Sivonie roomed in the Keep’s servant quarters that week, because of the hours needed on some important project. So Maraga took the parchment envelope and the silver up the next morning.

As inheritance, the coinage seemed little worthy of lawyers and magistrates. The unfolded envelope was blank, lacking even a message.

“A grand‑da? In Kaspaterre?” Sivonie asked, drooping. She’d been holding out for a treasure map. A magical quest out of Haptin’s tales. Possibly, an enchanted needle to bolster the little magics she’d slowly learned to sew into her work. Anything beyond Kytheu’s confines!

“I knew it,” said Maraga. “That messenger must have been a thief all along  I’ll have the watch out looking for him, Sivvie, to get the rest of your money.”

#

After moonrise, Talai stood again on the highest balcony. Kytheu’s fan-shaped sprawl was evening-blue now, spangled with amber lamps and silver canals. Distinct noises lifted like air bubbles rising from underwater moss: love songs and arguments, cart-wheels bouncing on cobbles, pots clanging, dogs barking, ship’s whistles, and the hourly skirmish when two dozen merchant-family bells clanged the time with different music.

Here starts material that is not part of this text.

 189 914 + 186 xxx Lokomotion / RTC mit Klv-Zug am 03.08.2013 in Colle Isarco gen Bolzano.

A shadow made of dark blue cloth waited until Talai moved away from the edge, before clearing its throat.

Talai pinned the shadow to a pool of torchlight, and ripped away his face‑veil. Framed in short-cut black hair, pale features grinned up at her.

“General Josen?”

“No, I’m the Old Man of the Channel, come to rescue his exiled Southbanker children,” snorted the man. “Let me up, Tai. That kraken’s hold of yours is still brutal. I’m no general anymore, and not as young as I used to be.”

“Ha,” said Talai. She grimaced as her own knees popped and cracked. “What in the ancestors’ names are you doing here?”

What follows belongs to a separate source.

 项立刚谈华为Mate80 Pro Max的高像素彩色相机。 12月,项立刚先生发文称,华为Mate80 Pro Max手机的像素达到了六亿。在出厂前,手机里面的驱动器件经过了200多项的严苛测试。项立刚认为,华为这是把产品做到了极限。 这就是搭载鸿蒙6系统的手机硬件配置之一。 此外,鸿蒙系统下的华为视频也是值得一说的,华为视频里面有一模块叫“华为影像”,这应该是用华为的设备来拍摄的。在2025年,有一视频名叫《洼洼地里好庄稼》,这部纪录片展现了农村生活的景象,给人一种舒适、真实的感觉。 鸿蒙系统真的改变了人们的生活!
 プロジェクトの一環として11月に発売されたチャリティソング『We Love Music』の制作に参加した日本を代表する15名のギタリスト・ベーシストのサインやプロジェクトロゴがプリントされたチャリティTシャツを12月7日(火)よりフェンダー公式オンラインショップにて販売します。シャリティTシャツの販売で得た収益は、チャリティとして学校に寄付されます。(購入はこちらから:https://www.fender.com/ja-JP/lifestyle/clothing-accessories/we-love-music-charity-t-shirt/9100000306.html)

“Looking for you.” Josen shrugged out of his stalking mantle and smoothed out his blue silk tunic. “Unofficially.”

Talai looked at the visible part of his sword, smothering a laugh. “What is that, a strolling player’s prop? You can’t fight with it.”

“Look closer, Tai.”

“I did. It’ll lose its hilt in a strong breeze.”

“Not fit for a Queen?”

“Josen, please. The Hawk-Queen of Kytheu had some debt to my father. She helped patch me up. I didn’t know she was going to proclaim me heir! For twenty years, I’ve put on faces that I didn’t feel for these people.”

Josen leaned against the tower wall. “At least you’ve had a home these twenty years. I’ve been a freebooter. And I’ve learned something: boots aren’t free. Neither are weapons, food, a roof, and a doctor when something goes wrong. How goes the subversion of Kytheu Commonwealth’s treasury?”

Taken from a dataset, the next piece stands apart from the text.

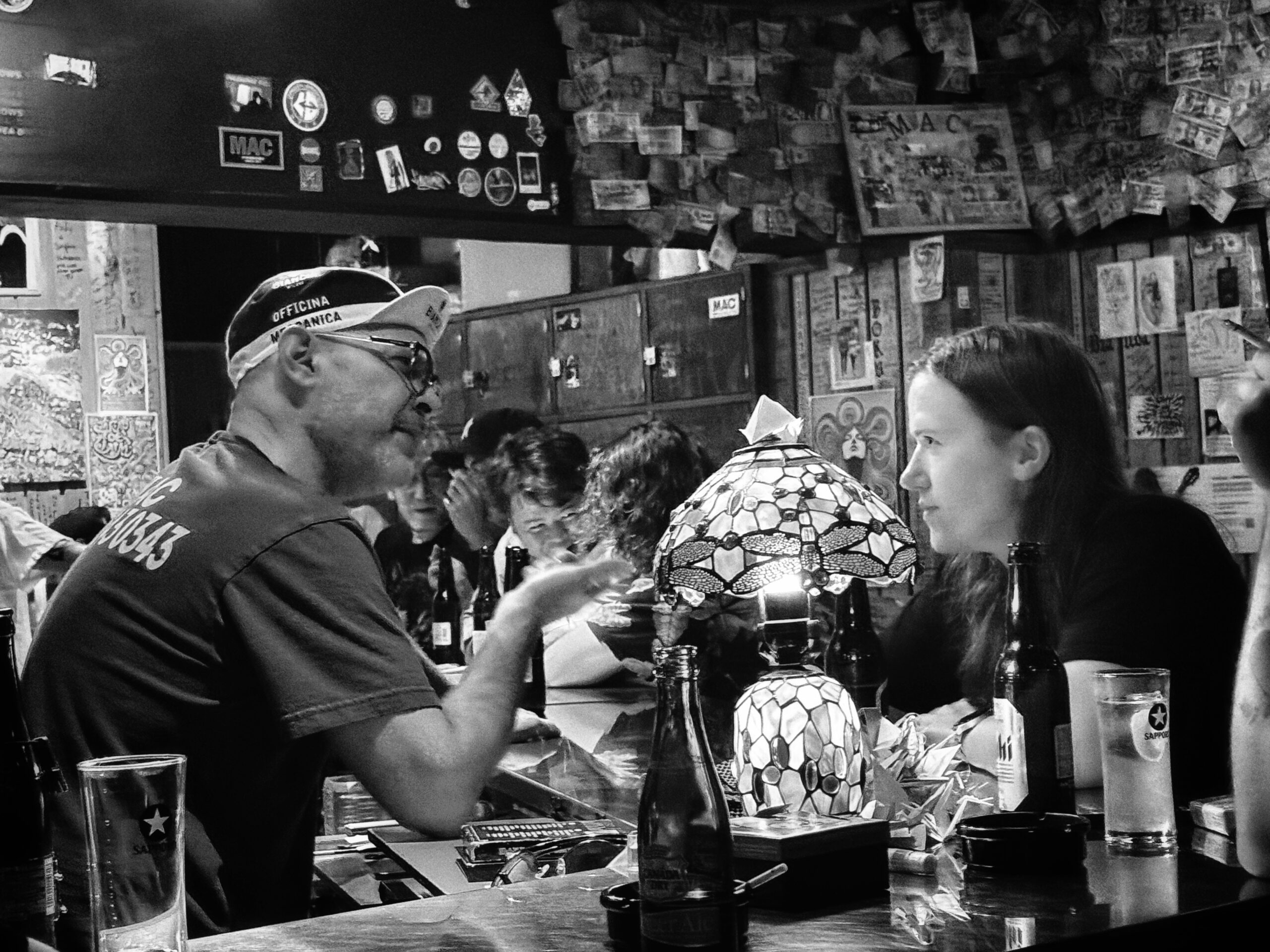 Black and white photo of a man and woman talking at a bar, seated with drinks. The bar—like those you’d find among the Best things To Do In Japan—is decorated with notes and stickers, with other patrons in the background.

Talai’s shoulders sagged. “A bad plan from the start. They can’t see past their borders. A war beyond the Channel means nothing to them.”

“Then leave.”

“I can’t!” She waved a helpless hand toward the city. “They need me. Swords are only jewelry for rich merchants, here. It took them twenty years to decide on a new Queen, they squabble so. Kytheu-folk will still be bickering when the war comes south.”

“Stay here, and you won’t stop that.”

“I owe Kytheu for hiding me until the Oracle summoned me back. He took his time about it.”

Josen shrugged. “The Old Man of the Channel’s got a lot on his mind. Would you rather command Kytheu or your rightful people? The rebels need you.”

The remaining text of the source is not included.